Spark Out of Memory Error

leungi
Contributor

Background

Using R language's {sparklyr} package to fetch data from tables in Unity Catalog, and faced the error below.

Tried the following, to no avail:

  • Using memory optimized cluster - e.g., E4d.
  • Using bigger (RAM) cluster - e.g., E8d.
  • Enable auto-scaling.
  • Setting spark config:
    • spark.driver.maxResultSize 4096
    • spark.memory.offHeap.enabled true
    • spark.driver.memory 8082
    • spark.executor.instances 4
    • spark.memory.offHeap.size 7284
    • spark.executor.memory 7284
    • spark.executor.cores 4

Error

Error : org.apache.spark.memory.SparkOutOfMemoryError: Total memory usage during row decode exceeds spark.driver.maxResultSize (4.0 GiB).

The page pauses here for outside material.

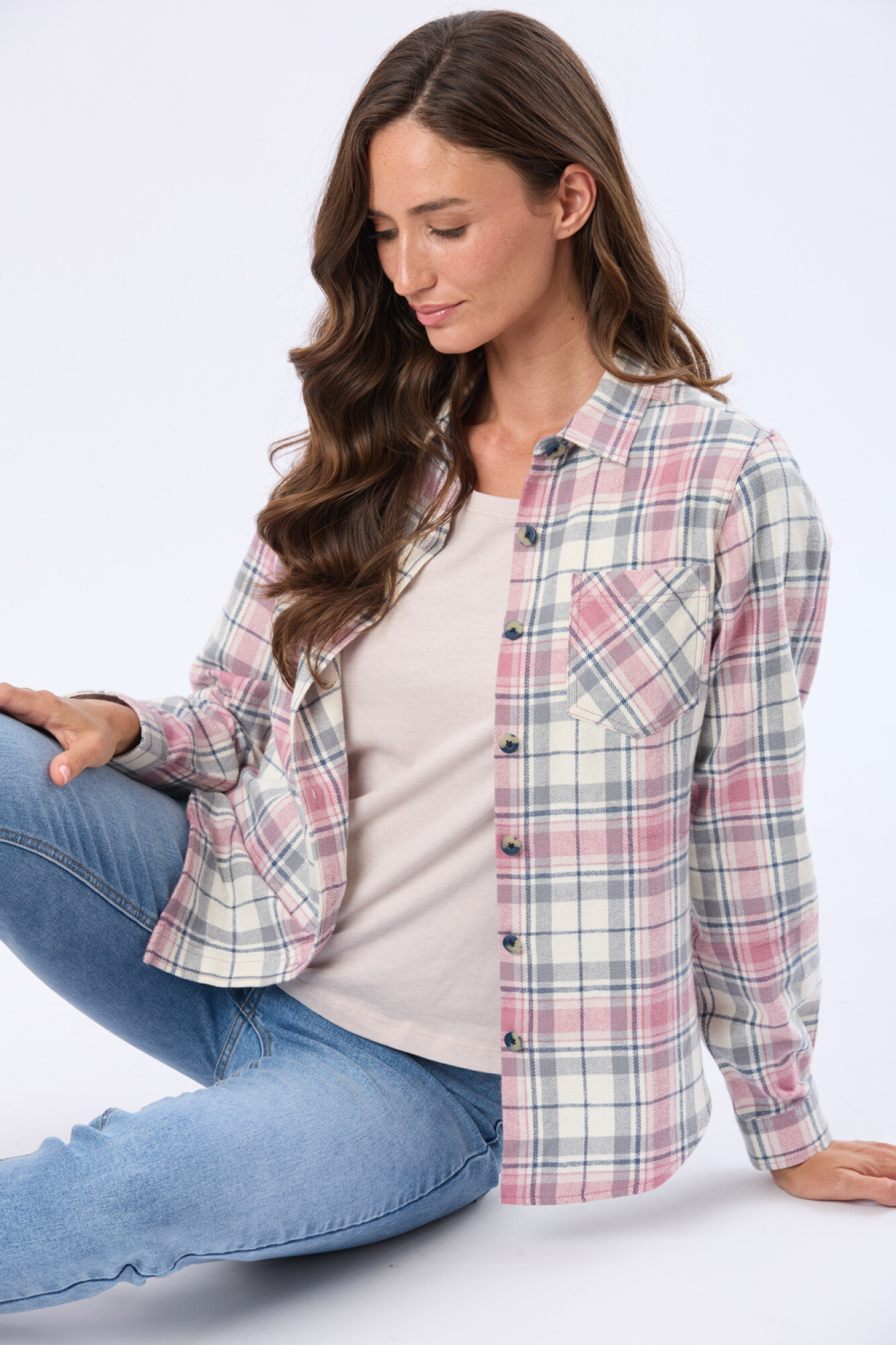 Camisa de viyela a cuadros ideal para los días frescos gracias a tu textura cálida y confortable .Cuenta con cuello camisero , cierre frontal con botones e incorpora un bolsillo en el pecho que suma un detalle practico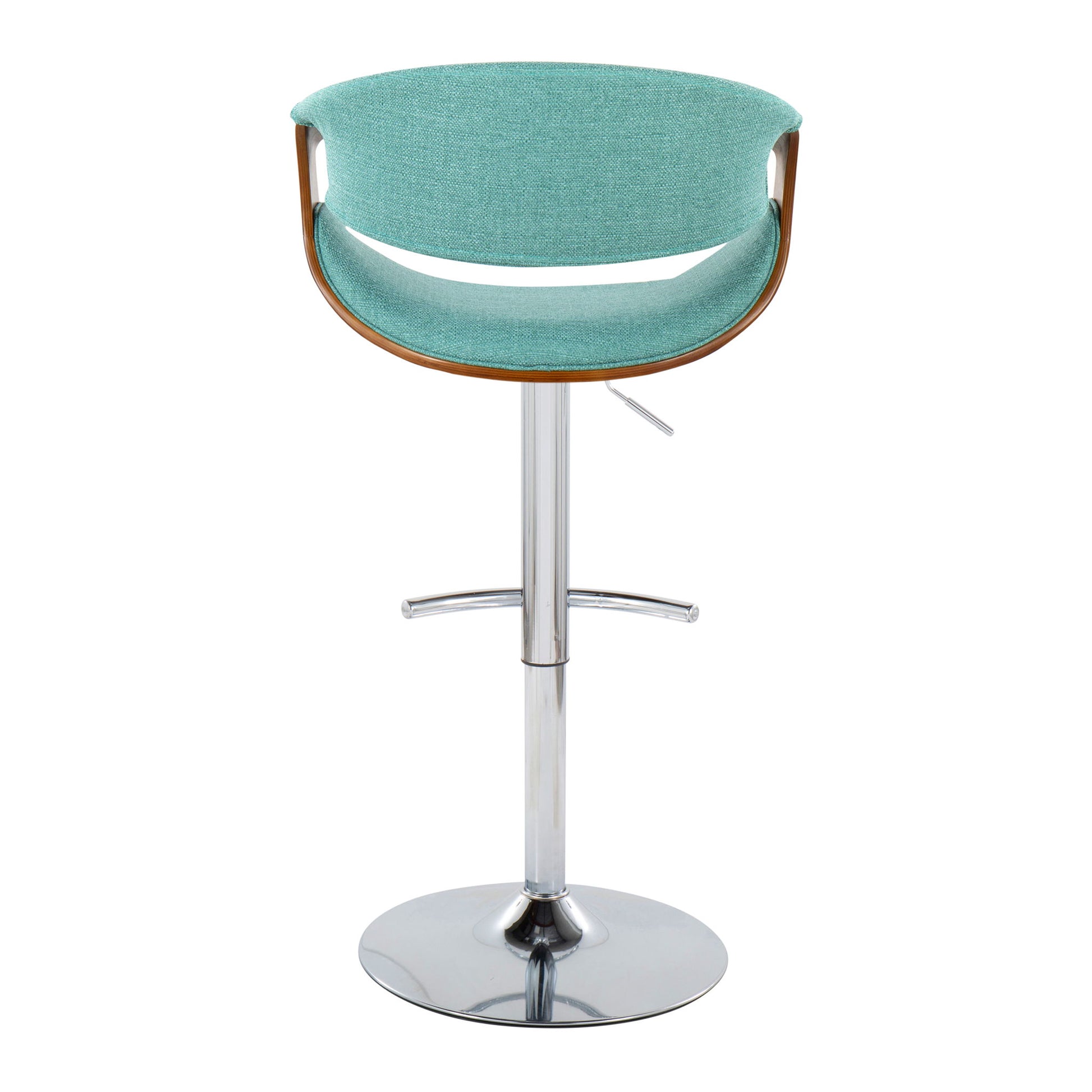 Curvo - Mid-Century Modern Adjustable Barstool With Swivel With Rounded T Footrest (Set of 2) - Chrome / Walnut / Teal

The average row size was 48.0 B, with 2.9 GiB used for temporary buffers. Run `sparklyr::spark_last_error()` to see the full Spark error (multiple lines) To use the previous style of error message set `options("sparklyr.simple.errors" = TRUE)` Error:
Error: ! org.apache.spark.memory.SparkOutOfMemoryError: Total memory usage during row decode exceeds spark.driver.maxResultSize (4.0 GiB). The average row size was 48.0 B, with 2.9 GiB used for temporary buffers. Run `sparklyr::spark_last_error()` to see the full Spark error (multiple lines) To use the previous style of error message set `options("sparklyr.simple.errors" = TRUE)`